Key contributions include:
- deterministic topology rendering,
- persistent ingress identity,
- inertial operational visualization,
- behavioral confidence escalation,
- telemetry-store decoupling,
- and lifecycle-aware rendering orchestration.
The resulting platform represents a transition away from static dashboards toward continuously evolving cybernetic operational cartography systems capable of supporting future autonomous cyber defense operations.
References
- DARPA. “Plan X Program Overview.”
- Paxson, V. “Bro: A System for Detecting Network Intruders in Real-Time.” Computer Networks, 1999.
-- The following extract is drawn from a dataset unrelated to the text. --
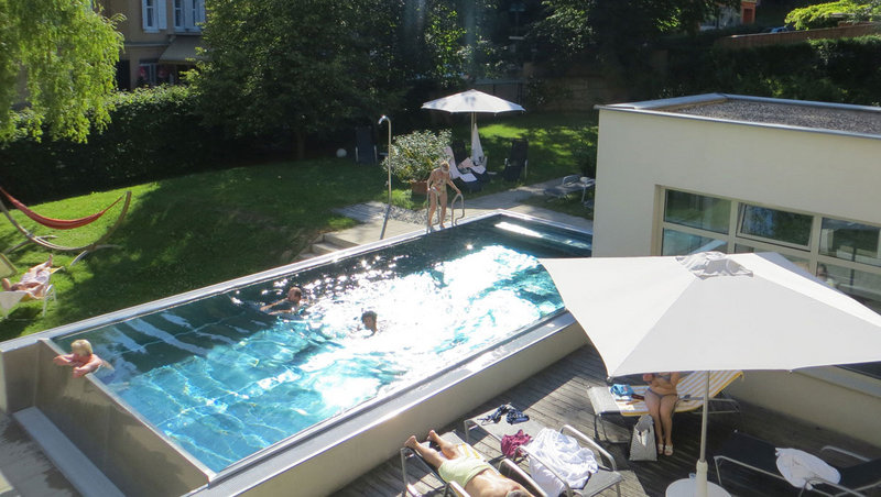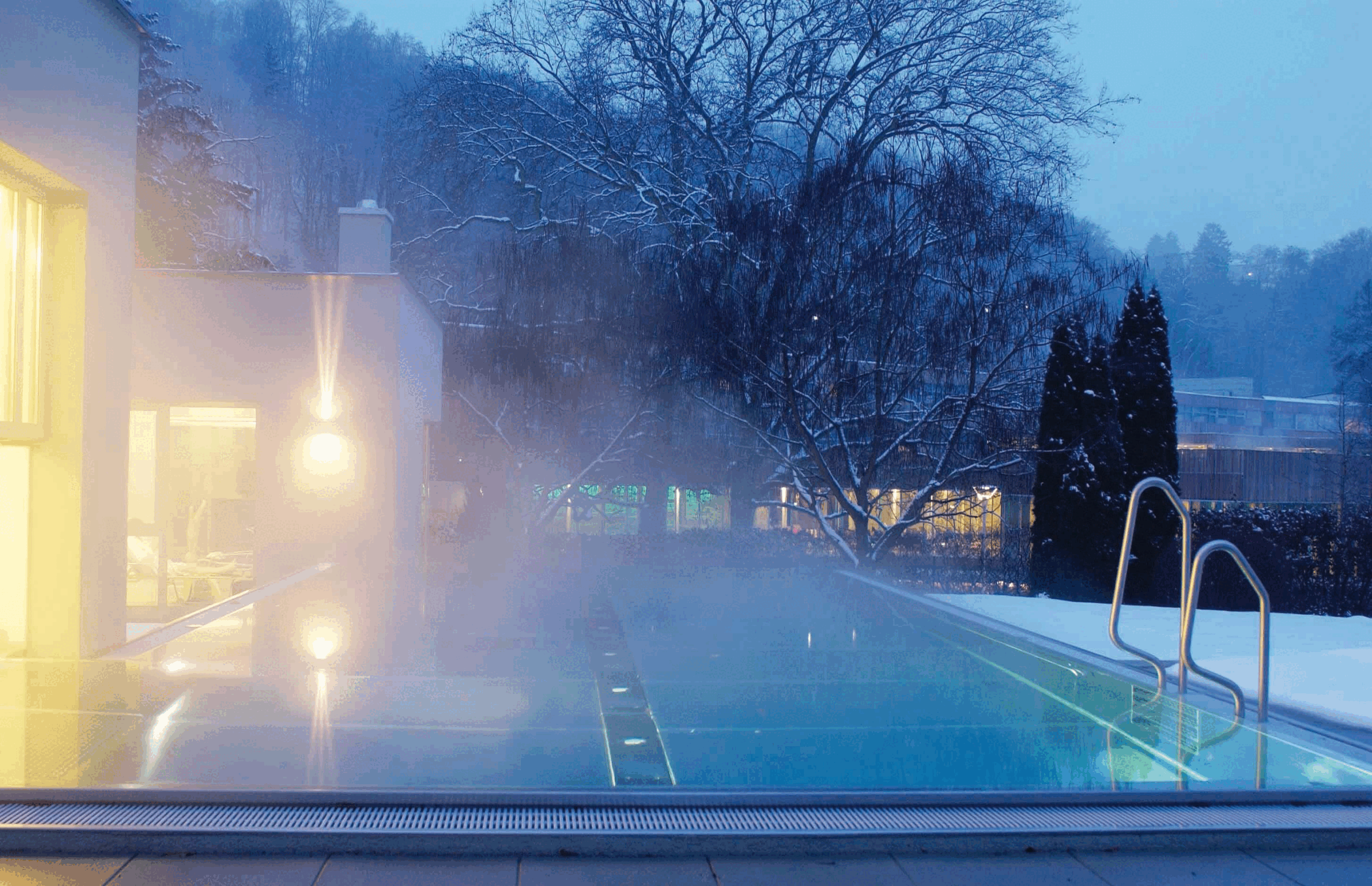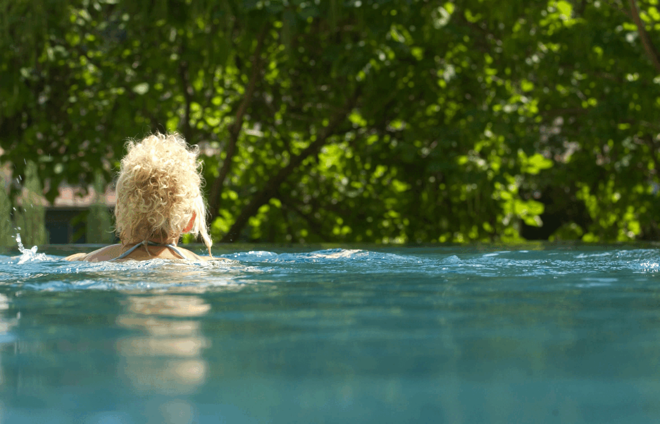 In einem ganz privaten Bad – eingebettet in den Garten der Villa Gleichenberg. Ruhe sowie Entspannung im Wasser finden und auch einmal sportlich gegen den Strom schwimmen…
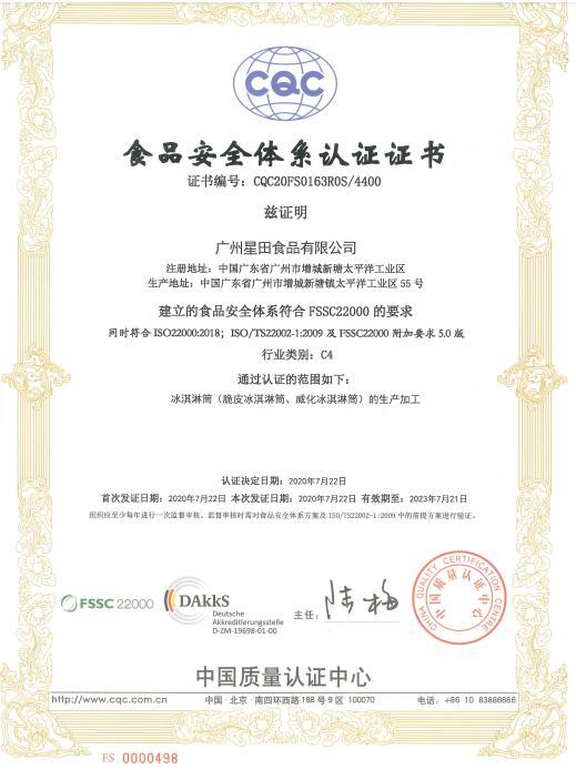 一直以来,我们秉承“优质、专业、安全”的经营理念,不断优化产品质量,追求客户价值的超越和提升,坚持与国际接轨的全过程、全方位的质量管理体系。目前公司产品已通过SC﹑ISO22000:2018﹑HACCP、FSSC22000、SEDEX和出口卫生注册认证,同时公司自行研发制造的甜筒生产线相应通过了CE认证。

- Kreps, J., Narkhede, N., Rao, J. “Kafka: A Distributed Messaging System for Log Processing.” LinkedIn Engineering, 2011.
- Carbone, P. et al. “Apache Flink: Stream and Batch Processing in a Single Engine.” IEEE Data Engineering Bulletin, 2015.
- Battista, G. D., Eades, P., Tamassia, R., Tollis, I. “Graph Drawing: Algorithms for the Visualization of Graphs.” Prentice Hall, 1998.
- Berge, C. “Hypergraphs: Combinatorics of Finite Sets.” North-Holland Mathematical Library, 1989.
- Ware, C. “Information Visualization: Perception for Design.” Morgan Kaufmann, 2012.
- MITRE ATT&CK Framework and Adversarial Behavioral Modeling.
- Almeshekah, M., Spafford, E. “Cyber Security Deception.” Cyber Defense Review, 2016.
- Zeek Documentation and Network Analysis Framework.
- CesiumJS Geospatial Rendering Architecture Documentation.
- Herman, I., Melançon, G., Marshall, M. “Graph Visualization and Navigation in Information Visualization.” IEEE Transactions on Visualization and Computer Graphics, 2000.
- Keim, D. “Information Visualization and Visual Data Mining.” IEEE Transactions on Visualization and Computer Graphics, 2002.
- Conti, G. “Security Data Visualization.” No Starch Press, 2007.
- Love, P. “Linux Kernel Networking.” O’Reilly Media, 2010.